Martin also highlighted fears about data ownership and protection from hackers and third parties such as future employers and dating sites. This was raised later in the session by Alison Hall from the PHG Foundation, who discussed the conflict between consumers posting their haplotypes on Facebook sharing their data online and the fundamental principles of data security and confidentiality.

Claire was the most circumspect about the test, phoning her parents in advance to gauge their thoughts on being indirectly genotyped. She also choose not to disclose all the data, feeling the information was not hers alone to share and pointing out that today’s innocuous variants could be tomorrow’s risk magnets.

Although the testing provoked a range of emotions and there was much talk of hypothetical dangers, no one seemed to regret having taking the plunge. This is in line with the general lack of concrete evidence for damage caused by consumer genetic tests.

My final point is that the tests provided more fodder for jokes than they did undercover meaningful clinical insights. Ed’s blog post is full of smart gags (a hypothetical love child with Mark, science writer disease risk top trumps and too much talk of wet earwax). My favourite wisecracks from the session were Claire’s disappointment that her phenotype was less sexy than the dark-eyed curvy genotype prediction and Martin’s dismissal of his increased prostate cancer risk given his expected Alzheimer’s oblivion.

Ed’s results gave the starkest illustration of the insignificance of much of the potentially non-trivial information. Most genetic studies have been carried out on Europeans, so his Asian ancestry meant that his risk predictions are currently very unreliable and practically useless. But Ed now owns a copy of his genotype so will be able to uncover future associations as research becomes more geographically widespread.

There was also a genetic councillor, Christine Patch, on the panel who outlined the differences between the targeted clinical tests provided by the NHS and those of low predictive value available direct to consumers. For example, the NHS do not screen for the Alzheimer’s variants flagged in Martin’s results as the tests are not deemed clinically useful.

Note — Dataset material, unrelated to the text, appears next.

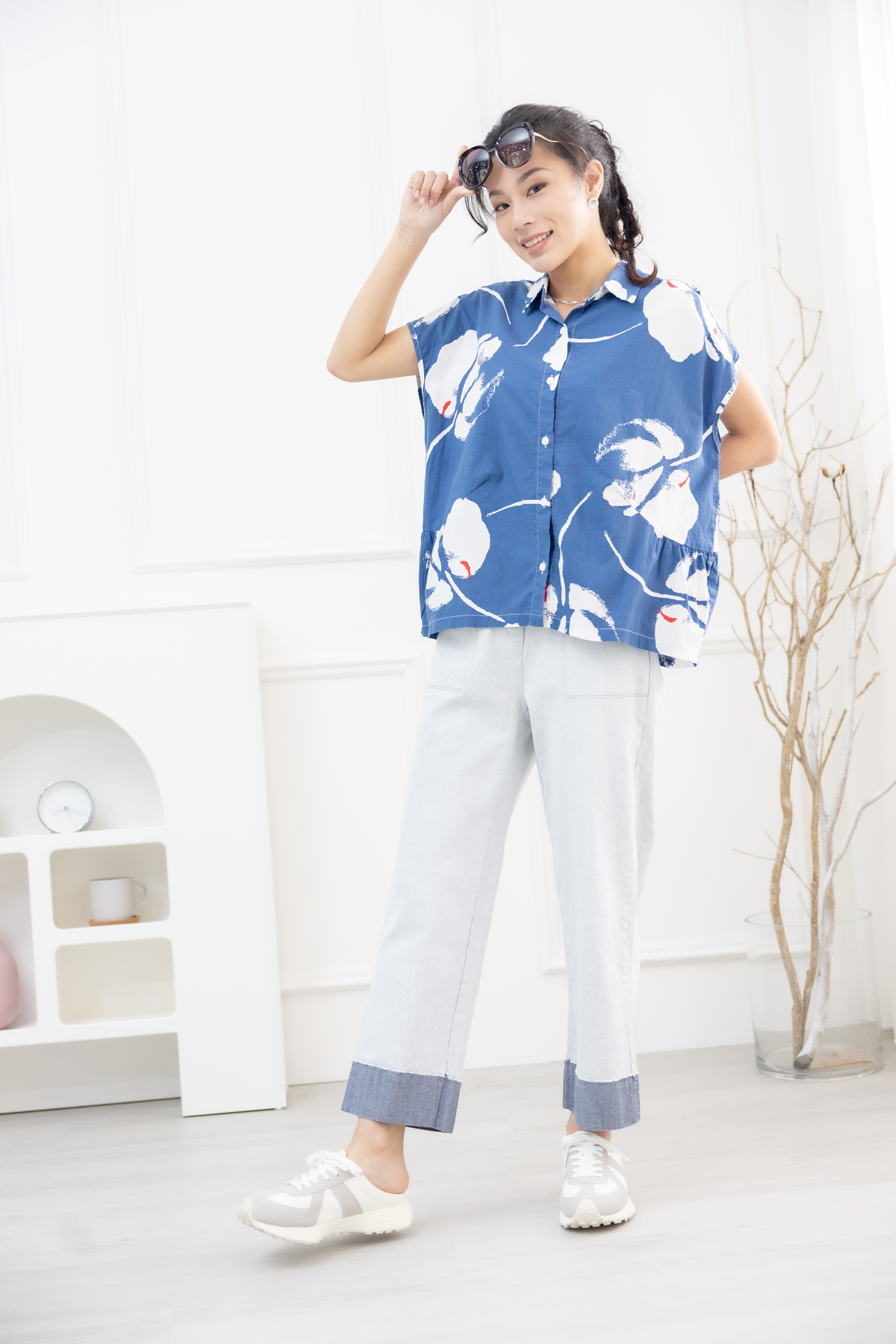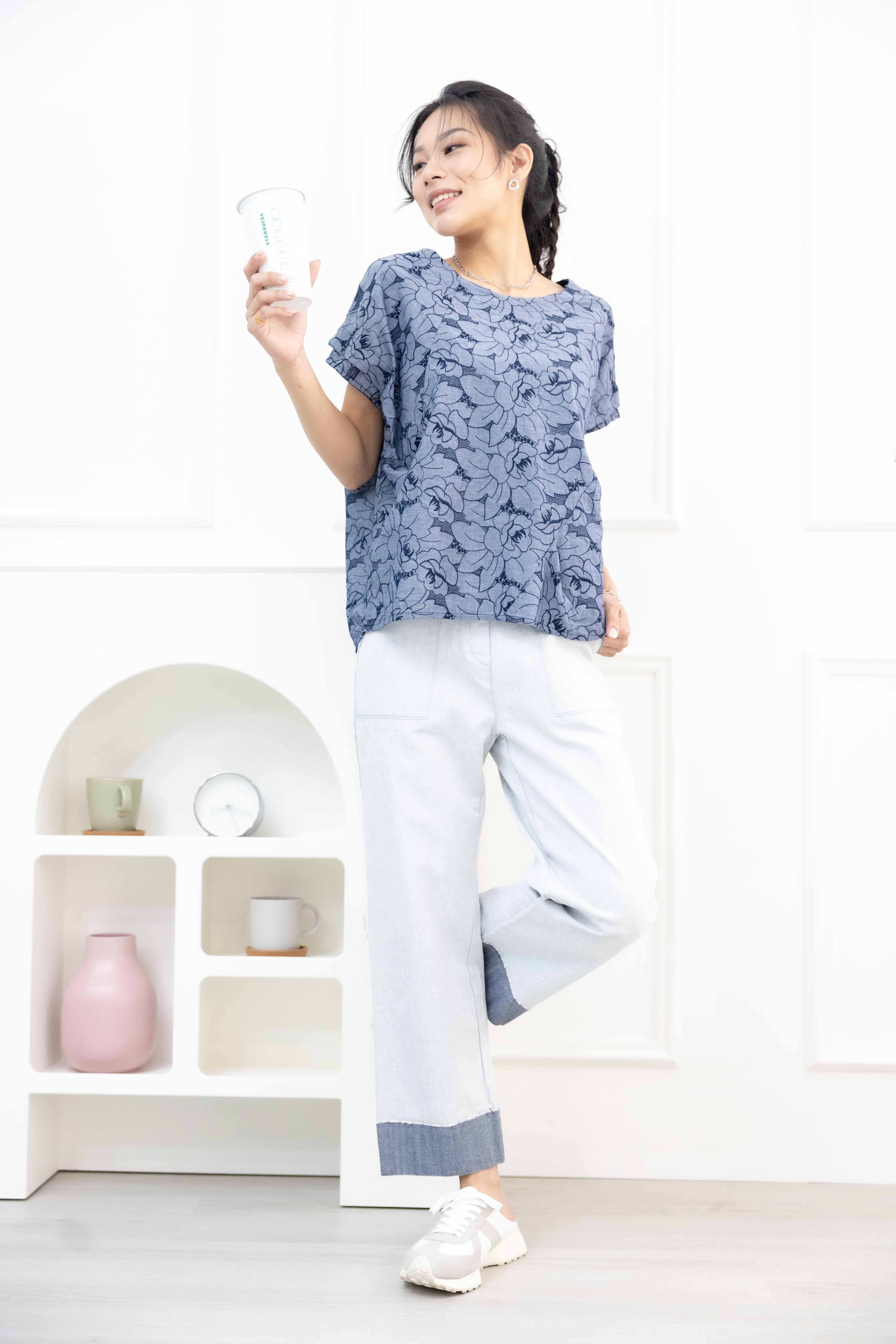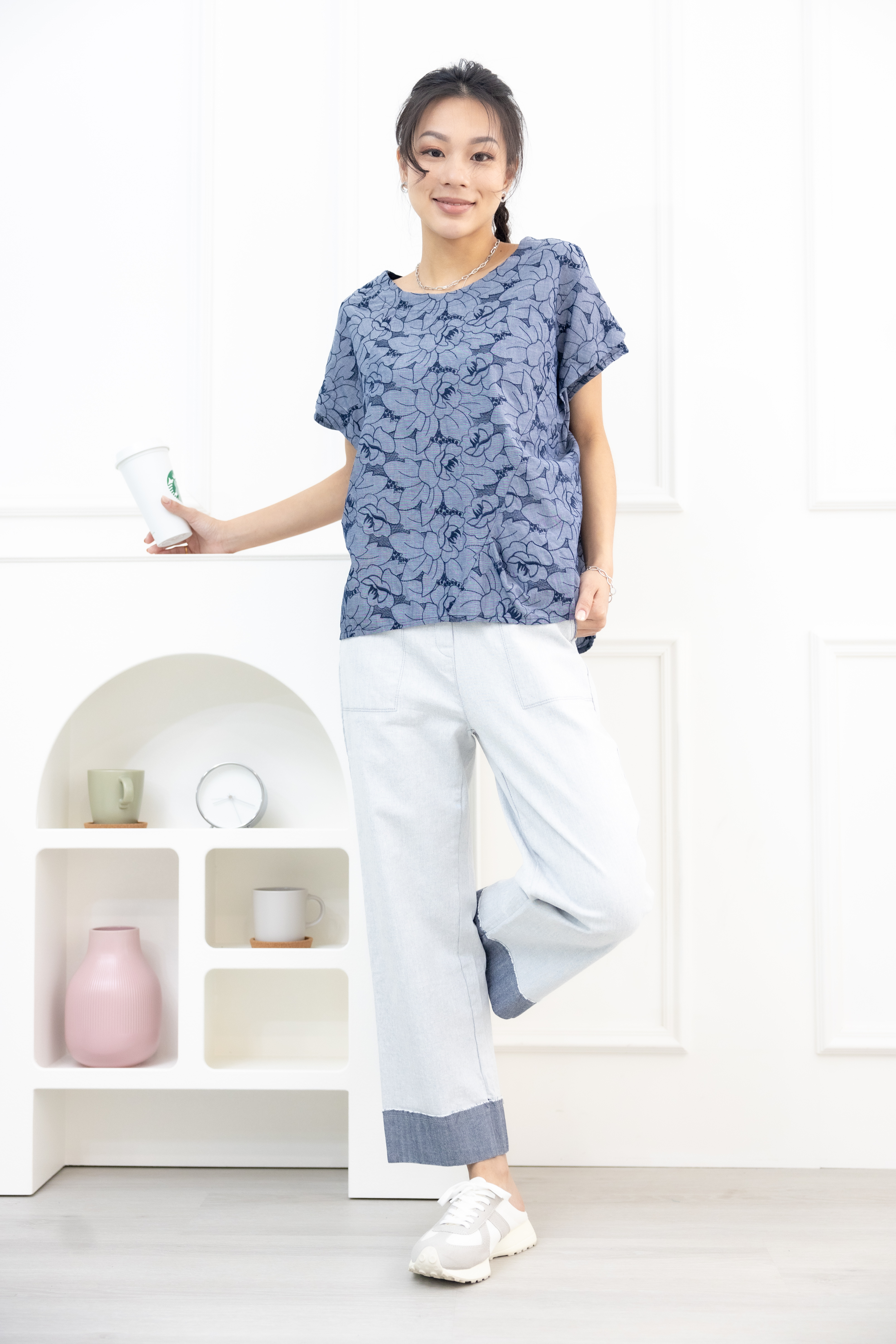 긴 바지 撞色水洗牛仔長褲 / 灰色

My only criticism of the session was that there wasn’t room on the agenda to explore the implications of full genome sequencing. James Brenton, from Cancer Research UK, hinted at the future complexity in his presentation on cancer genomics. He described research showing genetically distinct populations of cancers cells present in different locations of the same tumour, and how the populations evolve and shift in response to therapy.

Neither was their time to discuss the previous day’s US hearing on regulation of the direct-to-consumer genetic test industry. If Daniel MacArthur was tired from staying up to post his analysis of the events on Genomes Unzipped, he didn’t show it.

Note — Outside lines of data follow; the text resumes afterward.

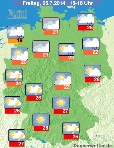 Heute Nachmittag fällt vor allem im Nord und Osten weiterhin zeitweise Regen, im Westen bilden sich bei häufig dichten Quellwolken mögliche Schauer und Gewitter, sonst ist es überwiegend locker oder aufgelockert bewölkt und es können sich örtlich einzelne Schauer und Gewitter bilden. Die Temperatur liegt bei 19 Grad in Emden und bis 28 Grad in Karlsruhe.
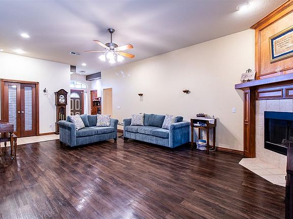 Step into the perfect blend of comfort and convenience with this updated 3 bed, 2 bath brick home complete with a study that could easily serve as a 4th bedroom. Located in the award-winning Choctaw school district, this home is ready to welcome you with its new flooring and fresh paint. The home features an open kitchen, dining, and living area perfect for gatherings and entertaining. A corner fireplace adds warmth and ambiance with the flip of a switch. Maple cabinets and a pantry offer ample storage, while a breakfast bar provides additional seating. The master bedroom accommodates a king-size bed and includes a spacious sitting area and large bay window overlooking the landscaped backyard. Enjoy luxury with a double vanity, jetted tub, separate shower, water closet, and an expansive walk-in closet with built-in organizers. Generously sized secondary bedrooms share a guest bath opposite the master and the convenient inside laundry room adjacent to the garage features plenty of storage, folding counter, hanging bar, and mudroom sink. Relax on the covered front porch or the oversized covered back patio which overlooks the beautifully landscaped and tiered backyard. Perfect for enjoying the peaceful cul-de-sac that ends at a community greenbelt. Residents of Stone Creek Addition enjoy access to a community pool covered by annual HOA dues. On almost 1/4 acre at the rear of the subdivision, the home backs to agricultural land. An oversized 2-car garage includes a storm shelter and workspace. Less than 8 miles from the main gate of Tinker Air Force Base, makes it convenient for military and civilian base personnel. Approximately 14 miles to the vibrant Paseo Art District, offering cultural experiences and dining. About 23 miles to Will Rogers Airport, providing easy access for travel. This meticulously maintained home offers a blend of modern amenities, thoughtful updates, and a desirable location within an acclaimed school district. Schedule your showing today!
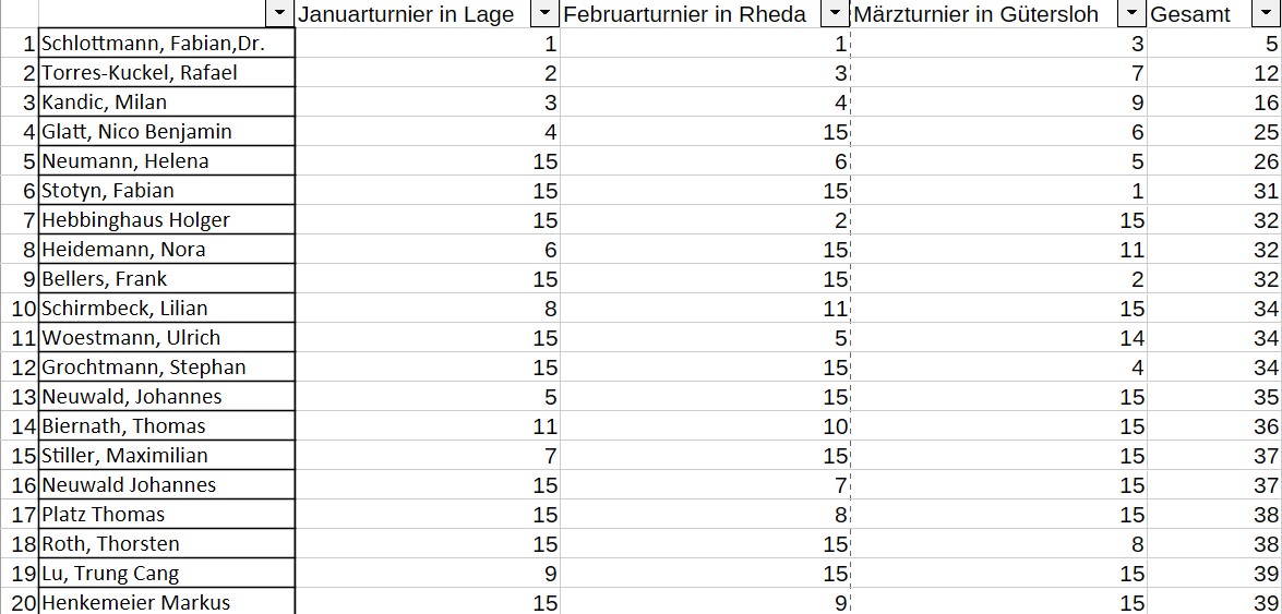 Erstmals in 2026 wird im Rahmen der Turnierserie eine Gesamtwertung (Preisfonds 525€) ausgespielt. In dieser führt Fabian Schlottmann, der die ersten beiden Turniere des Jahres gewinnen konnte, vor FM Rafael Torres-Kuckel und FM Milan Kandic. Nico Glatt und WFM Helena Neumann haben durch eine starke Leistung in Gütersloh einige Plätze gut gemacht und liegen damit derzeit auf den Preisrängen.

The rest of the day was equally stimulating, a raft of expert speakers and bubbling discussion. There was much talk about the role of bloggers, social networks and cyberspace review. If the web provides an audience for newcomers typing from their kitchen table then this conference was equally inclusive. The day was made accessible by the efforts of British Association of Science Writers members and sponsorship from Elsevier and others.

Other conference attendees received genotyping kits, not all could present on the day. I am waiting for the results of a deCODEme cancer scan which will go in a separate post, and I will update this post with any links to others who share their experiences.

For me, it was a full, blissfully child-free, day immersed in science and new communication technologies. I left with a humming mind and a curiosity about what story my DNA would tell.